Revised with Joop Schaye’s comments: COLIBRE’s sonified galaxies made fly by triggered star formation audible, while Little Red Dots sit below the simulation’s current black hole resolution.
The James Webb Space Telescope has found 341 compact, reddish objects in the early Universe — small, active galaxies that shouldn't exist yet. They appear just 600 million to 1.6 billion years after the Big Bang, and their black holes are already massive. The standard model of cosmology doesn't explain how those black holes got there so fast. A new simulation has now resolved everything else.
COLIBRE, a simulation published this month in the Monthly Notices of the Royal Astronomical Society by Schaye et al., is the first large-volume cosmological simulation to model cold gas and cosmic dust inside galaxies directly. Previous simulations could not track gas cooling below about 10,000 degrees inside galaxies — hotter than the surface of the Sun — because the computation was intractable. COLIBRE, built over nearly a decade by an international team spanning Leiden University, Durham University, and the University of Portsmouth, includes the physics required to model that cold interstellar gas. It tracks three grain species and two grain sizes of cosmic dust, uses 20 times more resolution elements than prior simulations, and required 72 million CPU hours on the COSMA8 supercomputer at Durham's DiRAC facility. The largest runs tracked 136 billion particles.
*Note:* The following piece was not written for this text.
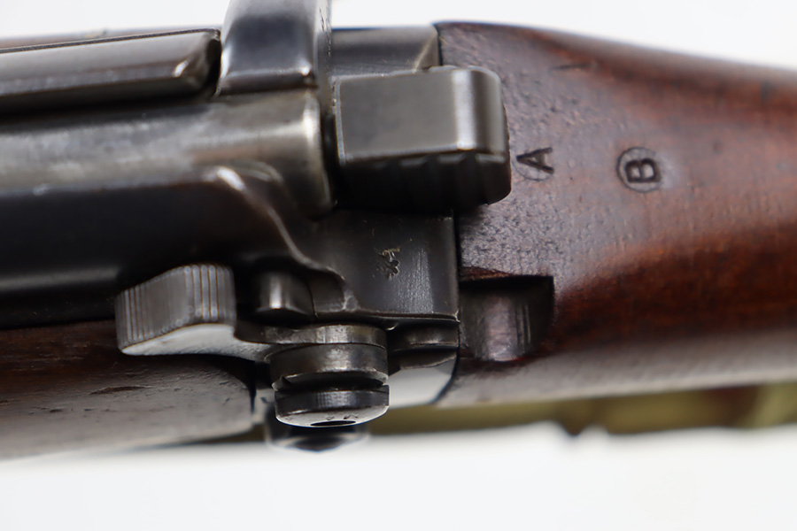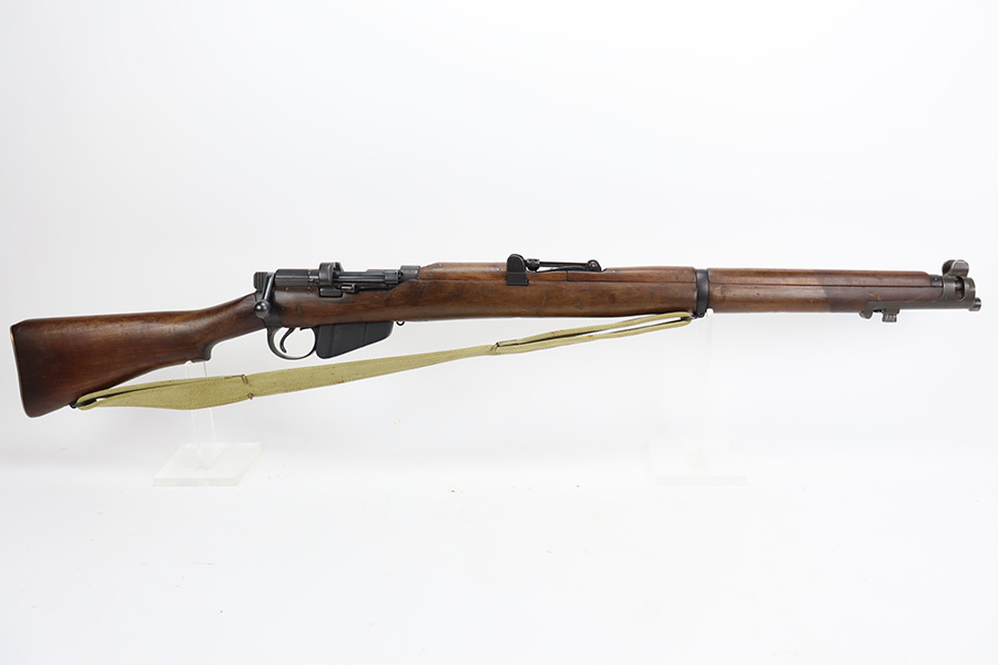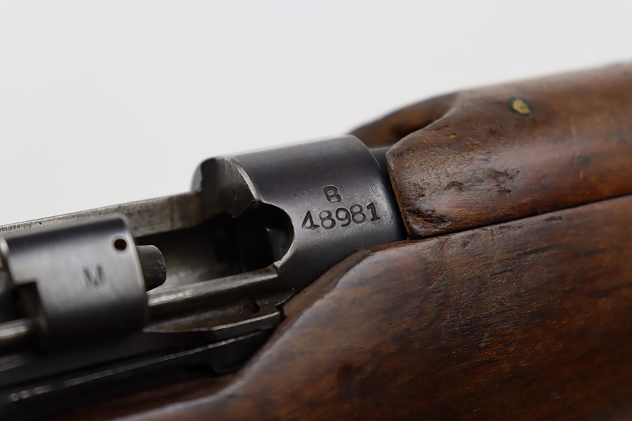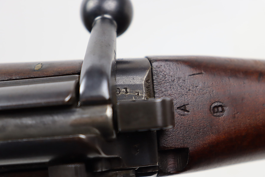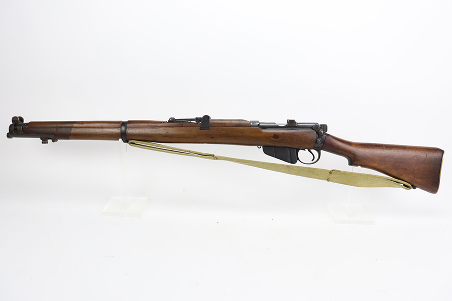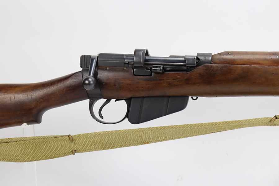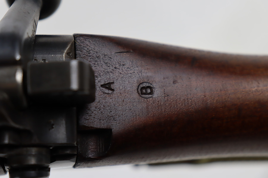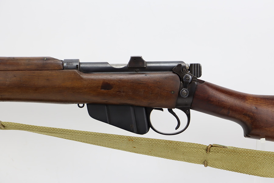9/29/23 – This is a very nice Lithgow SMLE III from 1941. It is all matching with British proofs throughout. There is an “MAO SMLE III* HV 1944” marking on the left side of the butt stock. We assume this to mean it was reworked in 1944. The finish rates about 94% with just general minor high edge wear and some light scuffs here and there. Very nice wood stock that appears to have been lightly sanded. Minty bore. Comes with canvas sling.

When COLIBRE's synthetic universes are compared against what JWST actually observed, they line up. Cold gas, dust, star formation, black hole feedback — across 13 billion years of cosmic history, the standard model now matches the telescope's data in detail. "The standard model of the Universe can explain galaxy formation more accurately than previously thought," the Royal Astronomical Society said in its press release.
In comments to type0, Joop Schaye of Leiden University, who led COLIBRE, said the sonified simulations were useful rather than cosmetic. He was “very happy to experience that the sound provides very useful information”: in videos of a galaxy’s evolution, fly-bys and other interactions make the triggered star formation immediately clear. Sonified videos, he added, “enhance the overall experience” in public talks because they help audiences understand what is happening.
The standard model of cosmology — Lambda-CDM, the term physicists use — could not explain where the first supermassive black holes came from. JWST found the objects, now called the Little Red Dots. COLIBRE does not predict them because it assumes their black hole seeds already exist. It models how those seeds grow and how they affect their host galaxies. It does not model how the seeds formed. This is not a simulation flaw so much as a boundary of current physics. Schaye emphasized that COLIBRE was developed before the Little Red Dots were discovered. If the objects are black holes with the relatively low masses now suggested in several papers, he told type0, they “fall below the numerical resolution of the simulation.” The mismatch, in his view, is a reason to build higher-resolution extensions rather than a reason to abandon COLIBRE’s Lambda-CDM result.
The leading hypothesis is that the Little Red Dots are actively growing supermassive black holes embedded in dense gas, their light reddened and partially obscured by that same gas. JWST spectra show broad hydrogen emission lines consistent with accretion onto a black hole; electron scattering through a Compton-thick medium can explain the line profiles without requiring the black holes to be as massive as they initially appeared. Several competing theories remain in play — direct-collapse black hole nurseries, supermassive star precursors, and a more recent proposal that dark matter halo collapse in a specific model of self-interacting dark matter can produce seed black holes of sufficient mass by the time the Universe was 600 million years old. None is confirmed.
The COLIBRE team is transparent about this. Joop Schaye of Leiden University led the project. James Trayford at the University of Portsmouth built the dust model and the simulation's sonification framework — STRAUSS, an open-source package that maps physical quantities like density, temperature, and star formation rate to audio properties like frequency, amplitude, and panning. The result is a way to hear a galaxy evolve: changes in star formation hit higher frequencies, black hole growth adds lower registers, outflows shift the stereo field. The team has released videos and audio tracks publicly.
COLIBRE's highest-resolution simulations are still running. The full picture will take months more to complete. The black hole seed problem will take longer still — and it is the field's most active open question. Lambda-CDM just passed a serious test. The Little Red Dots are the loose thread, and the people who built the best simulation in the world know exactly where it is.